START RECORDS SUPPLIED

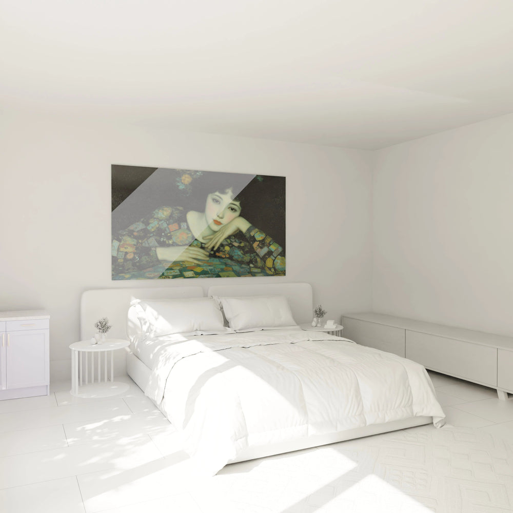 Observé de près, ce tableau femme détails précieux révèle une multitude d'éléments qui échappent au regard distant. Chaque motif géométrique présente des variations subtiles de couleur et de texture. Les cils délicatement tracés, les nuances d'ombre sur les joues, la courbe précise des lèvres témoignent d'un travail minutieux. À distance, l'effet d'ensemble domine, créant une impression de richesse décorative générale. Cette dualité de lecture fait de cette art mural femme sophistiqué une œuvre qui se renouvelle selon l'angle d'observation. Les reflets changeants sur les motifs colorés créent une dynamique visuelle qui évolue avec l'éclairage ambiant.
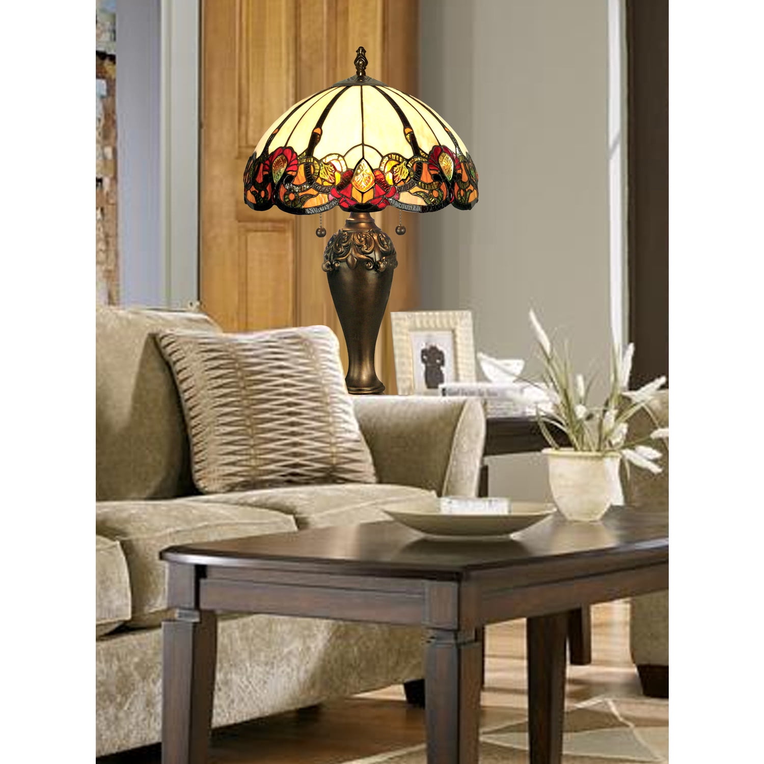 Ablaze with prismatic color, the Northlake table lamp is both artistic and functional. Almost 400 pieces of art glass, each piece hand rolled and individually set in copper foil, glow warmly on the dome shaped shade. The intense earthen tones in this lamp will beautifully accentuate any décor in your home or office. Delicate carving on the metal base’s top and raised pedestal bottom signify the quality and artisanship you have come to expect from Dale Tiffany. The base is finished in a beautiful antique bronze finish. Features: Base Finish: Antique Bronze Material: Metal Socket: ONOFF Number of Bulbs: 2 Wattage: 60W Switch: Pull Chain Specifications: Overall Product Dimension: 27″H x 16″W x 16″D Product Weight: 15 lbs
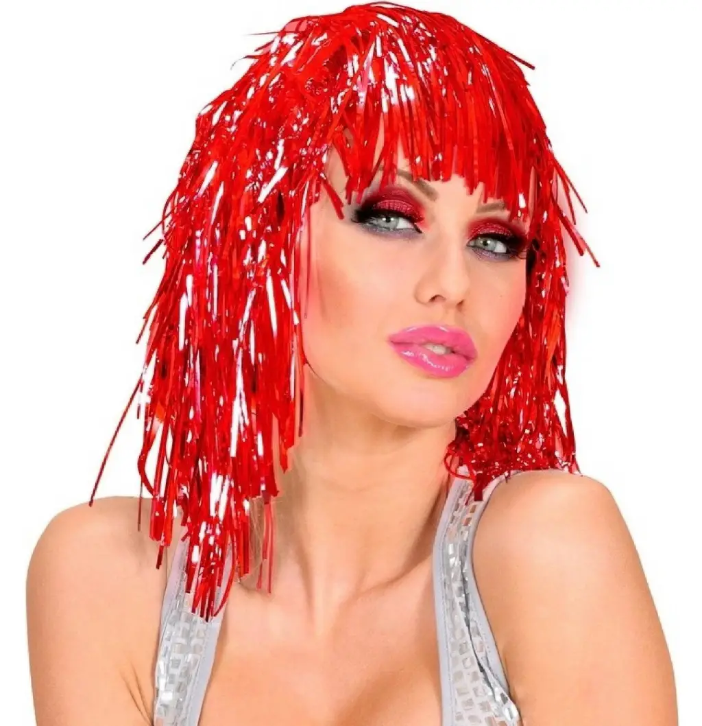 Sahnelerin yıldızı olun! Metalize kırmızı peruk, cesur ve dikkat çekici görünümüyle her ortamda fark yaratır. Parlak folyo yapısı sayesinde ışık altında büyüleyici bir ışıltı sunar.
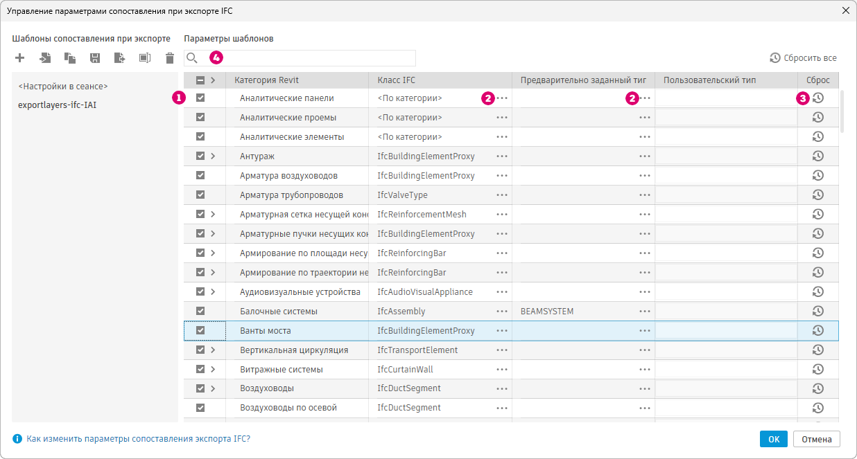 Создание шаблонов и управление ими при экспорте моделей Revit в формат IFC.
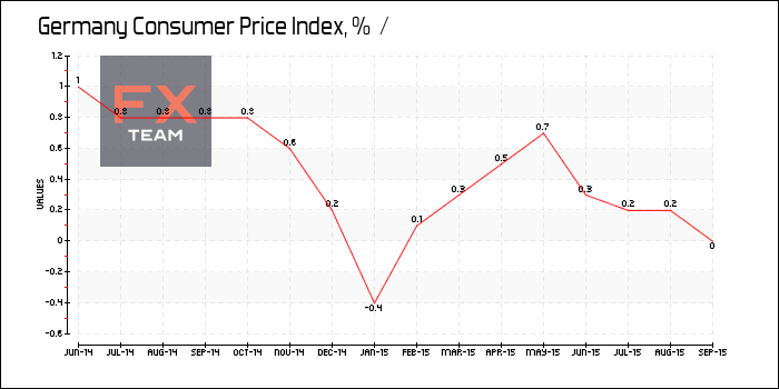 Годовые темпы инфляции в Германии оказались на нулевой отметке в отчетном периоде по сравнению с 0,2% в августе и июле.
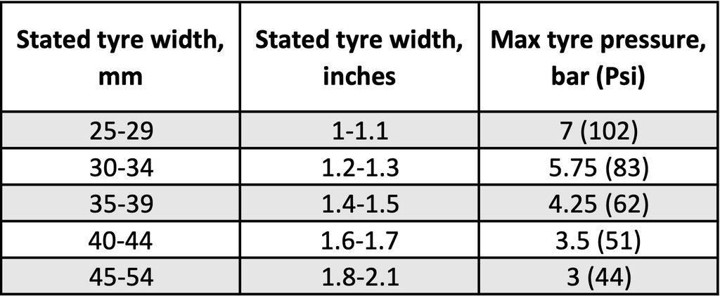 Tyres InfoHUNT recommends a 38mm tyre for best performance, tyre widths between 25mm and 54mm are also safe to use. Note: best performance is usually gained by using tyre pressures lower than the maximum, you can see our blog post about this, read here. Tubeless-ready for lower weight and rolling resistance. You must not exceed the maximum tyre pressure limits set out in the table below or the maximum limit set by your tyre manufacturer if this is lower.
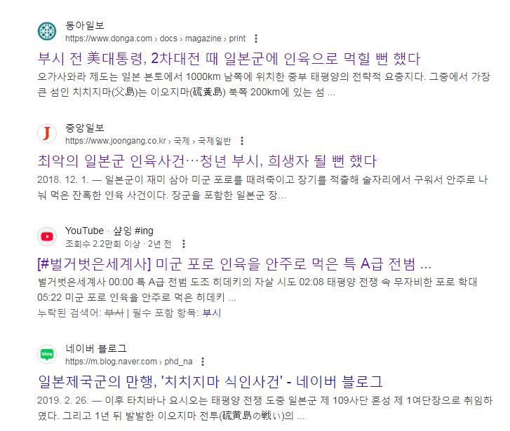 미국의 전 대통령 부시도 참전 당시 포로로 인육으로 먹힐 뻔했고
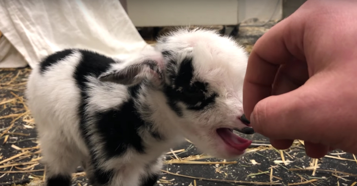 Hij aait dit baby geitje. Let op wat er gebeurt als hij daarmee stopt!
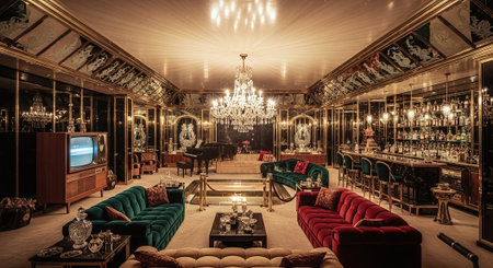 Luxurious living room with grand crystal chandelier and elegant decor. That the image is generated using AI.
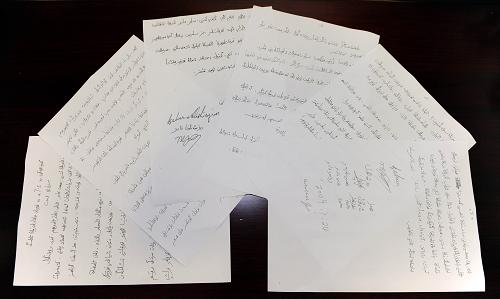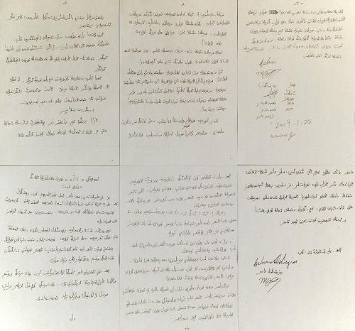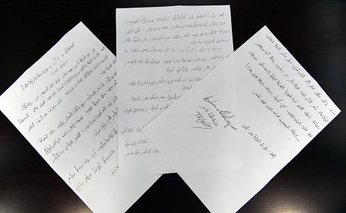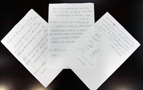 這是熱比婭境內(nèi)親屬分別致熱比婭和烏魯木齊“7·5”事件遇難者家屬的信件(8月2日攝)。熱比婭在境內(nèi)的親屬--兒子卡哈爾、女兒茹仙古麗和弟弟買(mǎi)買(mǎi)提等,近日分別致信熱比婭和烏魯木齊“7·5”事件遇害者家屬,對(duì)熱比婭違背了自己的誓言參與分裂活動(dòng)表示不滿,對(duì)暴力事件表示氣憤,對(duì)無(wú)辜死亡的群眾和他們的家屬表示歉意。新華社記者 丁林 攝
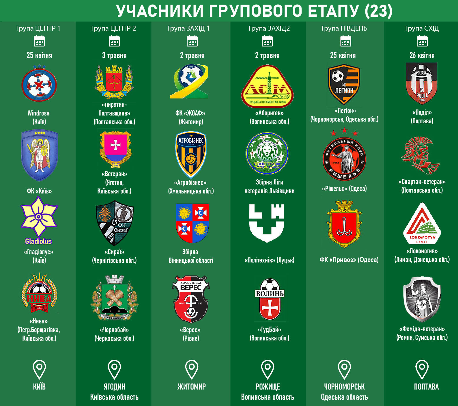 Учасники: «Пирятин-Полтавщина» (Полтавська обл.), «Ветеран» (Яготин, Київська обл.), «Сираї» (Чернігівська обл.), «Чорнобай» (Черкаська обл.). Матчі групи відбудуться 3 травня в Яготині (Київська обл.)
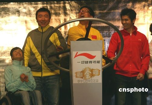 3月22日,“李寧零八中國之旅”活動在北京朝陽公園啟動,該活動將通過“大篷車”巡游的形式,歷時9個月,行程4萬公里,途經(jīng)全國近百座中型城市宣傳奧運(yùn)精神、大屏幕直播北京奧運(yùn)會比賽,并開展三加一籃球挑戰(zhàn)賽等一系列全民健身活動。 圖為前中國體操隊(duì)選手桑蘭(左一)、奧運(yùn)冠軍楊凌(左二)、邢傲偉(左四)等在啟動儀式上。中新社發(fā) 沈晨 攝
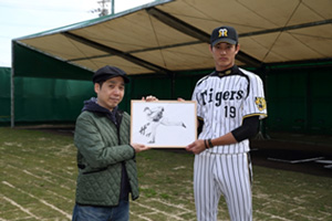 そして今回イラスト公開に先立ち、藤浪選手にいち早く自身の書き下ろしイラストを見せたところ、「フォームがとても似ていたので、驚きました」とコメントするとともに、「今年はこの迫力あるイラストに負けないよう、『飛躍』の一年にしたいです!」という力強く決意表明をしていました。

END RECORDS SUPPLIED

| WHAT YOU SHOULD DO |
Work from the entries above. Set down exactly and only the lines from the line with "Создание шаблонов и" to the line with "Luxurious living room", both included, and leave the pictures out.

| RESULT OF THE EXERCISE |
 Создание шаблонов и управление ими при экспорте моделей Revit в формат IFC.
 Годовые темпы инфляции в Германии оказались на нулевой отметке в отчетном периоде по сравнению с 0,2% в августе и июле.
 Tyres InfoHUNT recommends a 38mm tyre for best performance, tyre widths between 25mm and 54mm are also safe to use. Note: best performance is usually gained by using tyre pressures lower than the maximum, you can see our blog post about this, read here. Tubeless-ready for lower weight and rolling resistance. You must not exceed the maximum tyre pressure limits set out in the table below or the maximum limit set by your tyre manufacturer if this is lower.
 미국의 전 대통령 부시도 참전 당시 포로로 인육으로 먹힐 뻔했고
 Hij aait dit baby geitje. Let op wat er gebeurt als hij daarmee stopt!
 Luxurious living room with grand crystal chandelier and elegant decor. That the image is generated using AI.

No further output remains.